EXERCISE DIRECTIONS => Exactly the lines from the beginning of the records below through the line with "На каждом этаже" must be given again, without pictures.

Source data =>
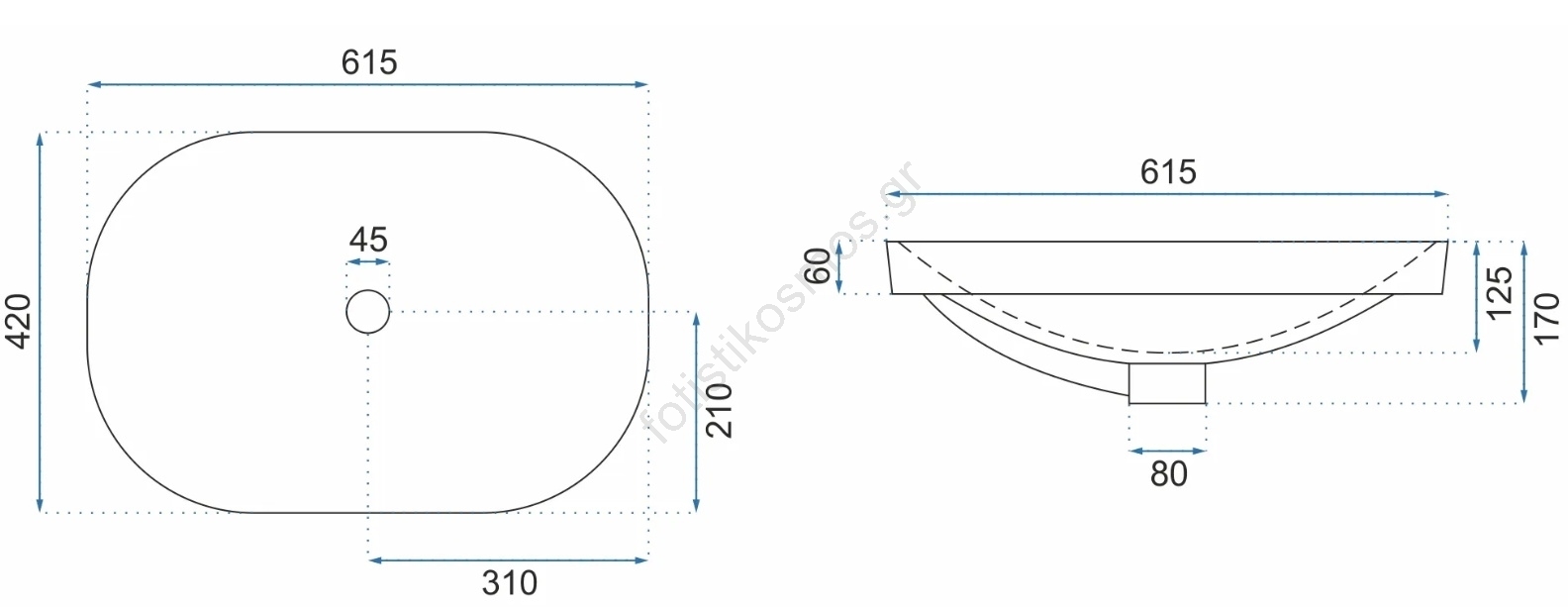 • Ο νιπτήρας είναι κατασκευασμένος από υψηλής ποιότητας υγειονομική κεραμική.
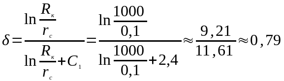 и коэффициент совершенства гидродинамически несовершенной по степени вскрытия скважины радиусом rс = 0,1 м, находящейся в пласте с круговым контуром питания. Мощность пласта h = 16 м, мощность вскрытой части пласт b = 9,6 м, радиус контура питания Rк = 1 км.
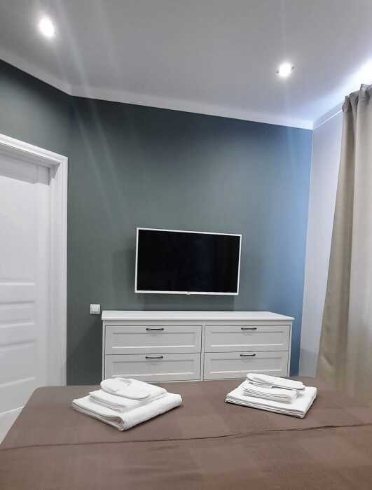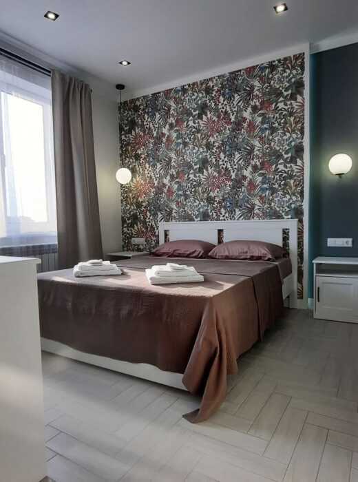 На каждом этаже 2-комнатные апартаменты оснащены всем необходимым для комфортного проживания: смарт ТВ, Wi-Fi, кондинционер, стиральная машина, варочная поверхность, мультиварка, микроволновая печь, холодильник, посудомоечная машина, электрический чайник, необходимая посуда.
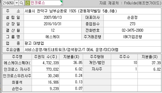 인크로스는 SK스퀘어의 계열회사이고 디지털 광고 미디어랩 사업과 국내 최초의 동영상 애드 네트워크인 '다윈(dawin)' , SK텔레콤의 T deal(티딜)' 운영 대행사업을 주력으로 영위하는 업체이다. 자회사 마인드노크를 통해 검색광고 및 디지털 광고 대행사업을 수행하고 있다.
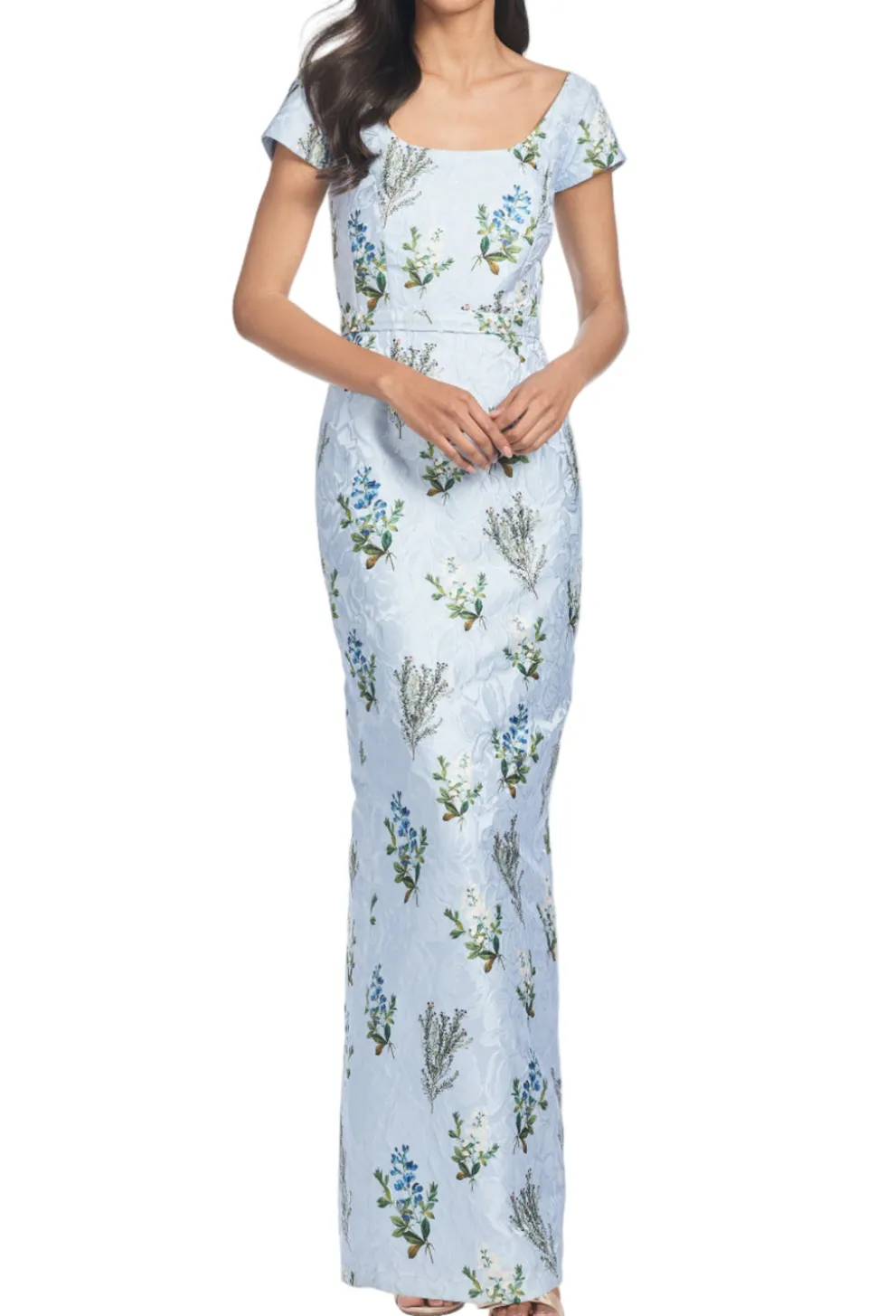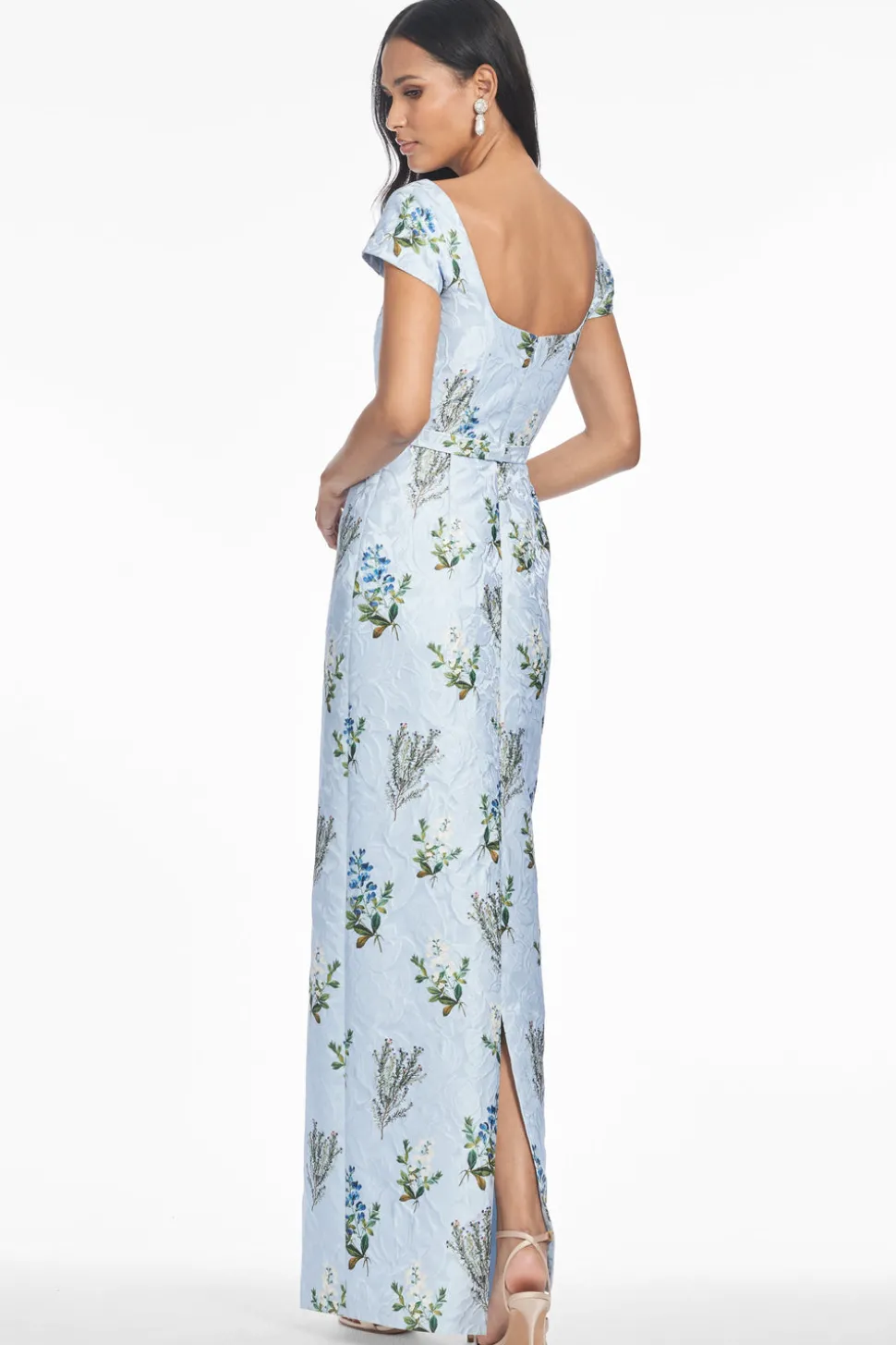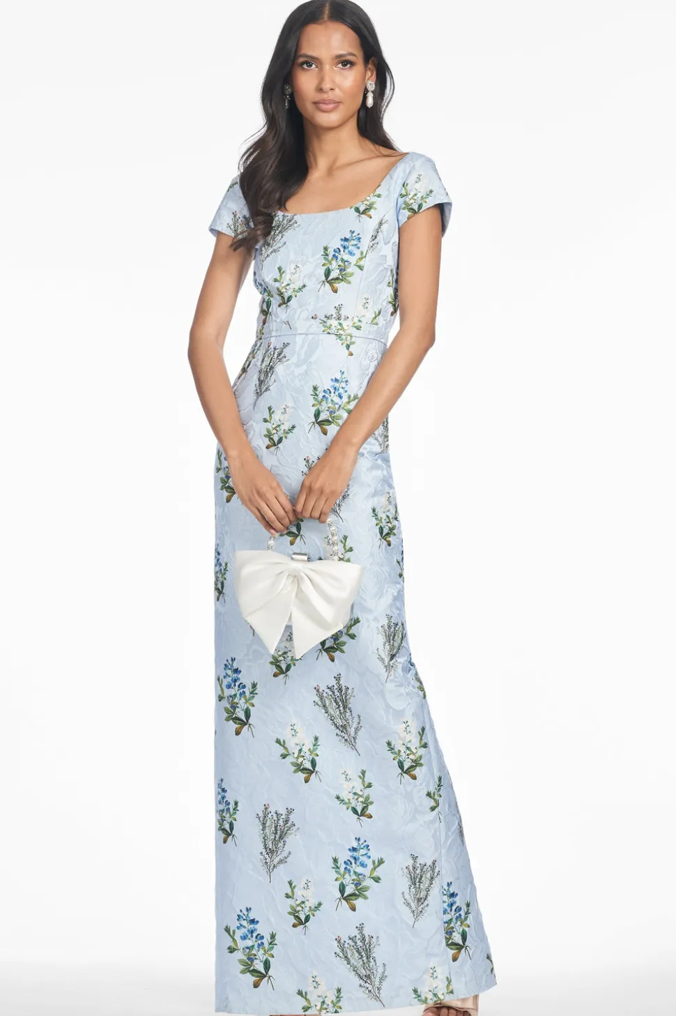 Born in India, Sachin and Babi bonded at New York’s Fashion Institute of Technology and launched an embroidery business, working with top houses, like Oscar de la Renta and Manolo Blahnik. Today, the brand works with their own factory in Mumbai, controlling quality at every stage, and producing womenswear that is at once unique, beautiful, and wearable. The Grace Gown in Cloud Blue is an exclusive limited-edition design, crafted in Italian cloque that exudes sophistication. With cap sleeves, a fitted bodice, and a slim A-line skirt, this gown flatters the figure with timeless elegance. Produced in only a few pieces, it is a truly special style for discerning wardrobes.

WRITTEN RESPONSE =>
 • Ο νιπτήρας είναι κατασκευασμένος από υψηλής ποιότητας υγειονομική κεραμική.
 и коэффициент совершенства гидродинамически несовершенной по степени вскрытия скважины радиусом rс = 0,1 м, находящейся в пласте с круговым контуром питания. Мощность пласта h = 16 м, мощность вскрытой части пласт b = 9,6 м, радиус контура питания Rк = 1 км.
 На каждом этаже 2-комнатные апартаменты оснащены всем необходимым для комфортного проживания: смарт ТВ, Wi-Fi, кондинционер, стиральная машина, варочная поверхность, мультиварка, микроволновая печь, холодильник, посудомоечная машина, электрический чайник, необходимая посуда.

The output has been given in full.